Image caption: Satellites can track African dust clouds as they migrate across the Atlantic Ocean. This NASA TOMS aerosol movie, which spans the interval June 13 through 21, 2001, shows such a cloud raining bits of the Sahara Desert over the Caribbean and the Gulf of Mexico. [more information]

1/3/2007, Amazon forest relies on dust from one Saharan valley, newscientist.com, Richard Fisher 

“The trees and plants in the Amazon rainforest rely on nutrient-rich dust from a single valley in the Sahara desert for sustenance, researchers have discovered.

Scientists know that millions of tonnes of mineral dust are blown from the Sahara desert to the Amazon basin each year. The dust helps keep the Brazilian rainforest soils fertile.Now, researchers have found that 56% of this dust comes from one place: the Bodélé depression in Chad, Africa. They also showed that three times more dust than previously thought is transported each year from the Sahara to the Amazon – over 40 million tonnes.

The team, led by Ilan Koren at the Weizmann Institute in Israel, used satellite and geological data to track the “dust parcel” across the Atlantic ocean….

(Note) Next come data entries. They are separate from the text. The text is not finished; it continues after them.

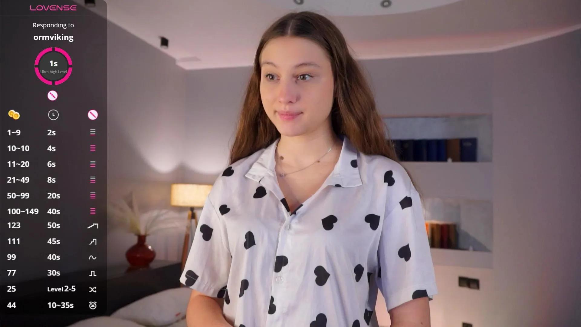 Her most recent live event averaged 5.6 hours in freechat, stayed in one freechat slot 10.5 hours before changing modes. The most recent time she was live added up 25 freechat sessions. Freechat on her most recent cam stream lasted 6 days. She racked up 6 days of streaming for that outing, logged about 8 average viewers yesterday. The last active session day saw a maximum of 7 viewers. Her last workday reports reflect 8 viewers,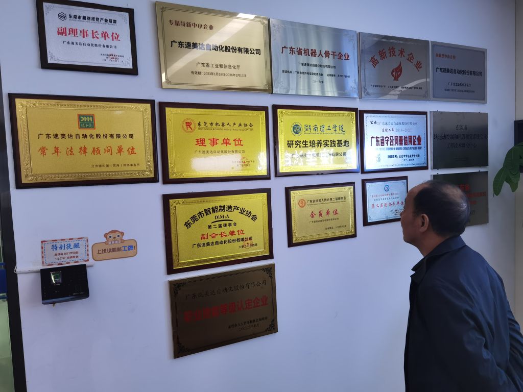 南湖学院一行人来到速美达的生产车间进行参观,详细了解了企业的发展情况与园区建设情况。公司负责人介绍广东速美达自动化股份有限公司成立于2004年08月16日,是一家从事自动化产线销售、自动化设备销售和自动化组件销售等业务的公司。企业的经营范围为:自动化产线、自动化设备、自动化组件、自动化生产系统集成、工业机器人及组件的研发、设计、生产和销售;自动化产品的维修、安装调试;自动化产品软件开发及技术咨询服务;技术转让;货物与技术的进出口。公司负责人表示,期待与学校不断加强在平台、教学、人才、项目等方面的合作,打造出校企合作的新样板,助推双方共同发展,协同共赢。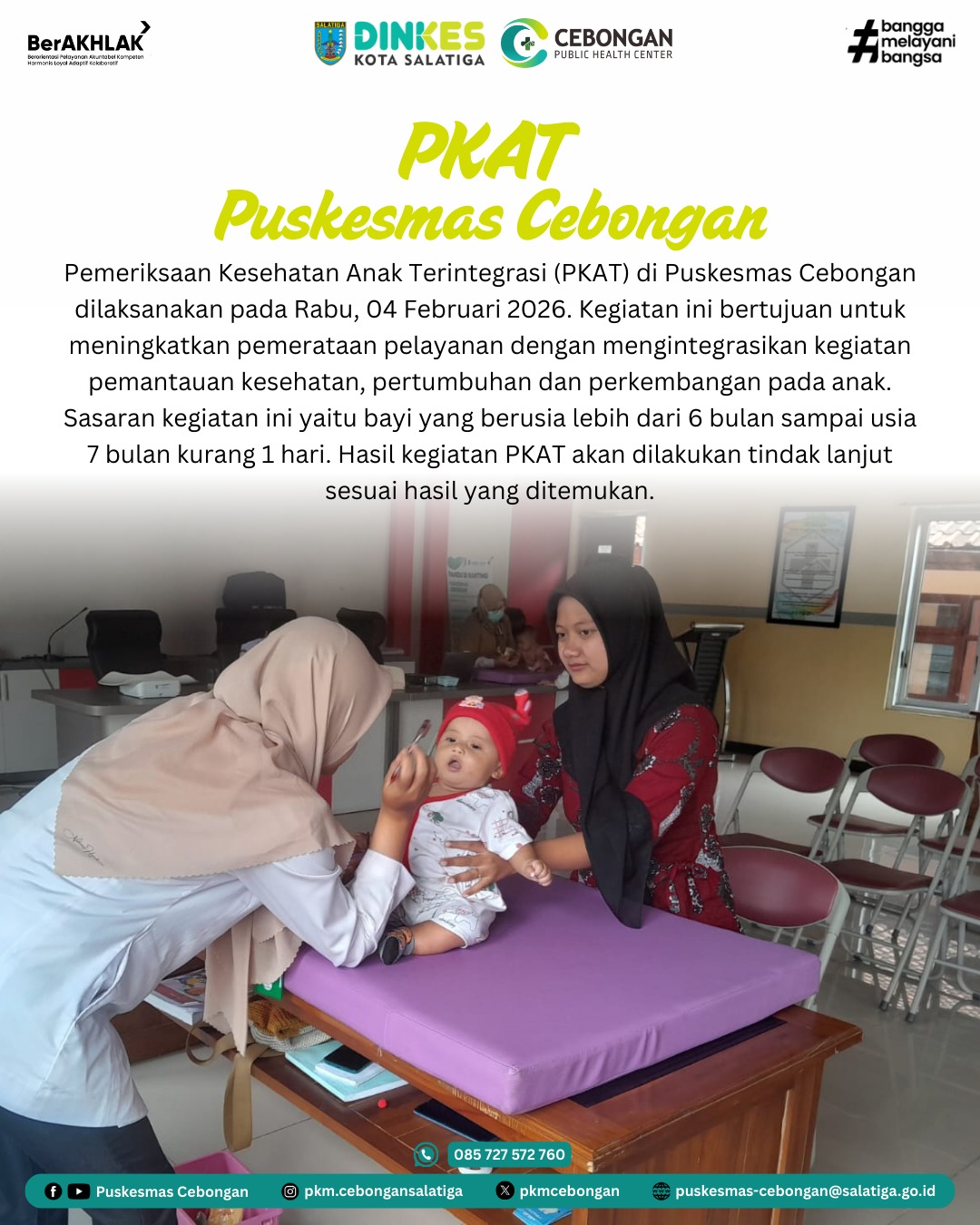 Pemeriksaan Kesehatan Anak Terintegrasi (PKAT) di Puskesmas Cebongan dilaksanakan pada Rabu, 04 Februari 2026. Kegiatan ini bertujuan untuk meningkatkan pemerataan pelayanan dengan mengintegrasikan kegiatan pemantauan kesehatan, pertumbuhan dan perkembangan pada anak. Sasaran kegiatan ini yaitu bayi yang berusia lebih dari 6 bulan sampai usia 7 bulan kurang 1 hari. Hasil kegiatan PKAT akan dilakukan tindak lanjut sesuai hasil yang ditemukan.

The Bodélé valley is 200 times smaller than the Amazon basin, and forms only 0.2% of the Sahara itself. The reason the valley supplies so much dust is its location between two mountain ridges. It forms a funnel that accelerates the flow of air, not unlike a wind tunnel, allowing more dust to be carried. In winter, the valley produces an average of 700,000 tonnes of dust per day.

Journal reference: Environmental Research Letters (DOI: 10.1088/1748-9326/1/1/014005)”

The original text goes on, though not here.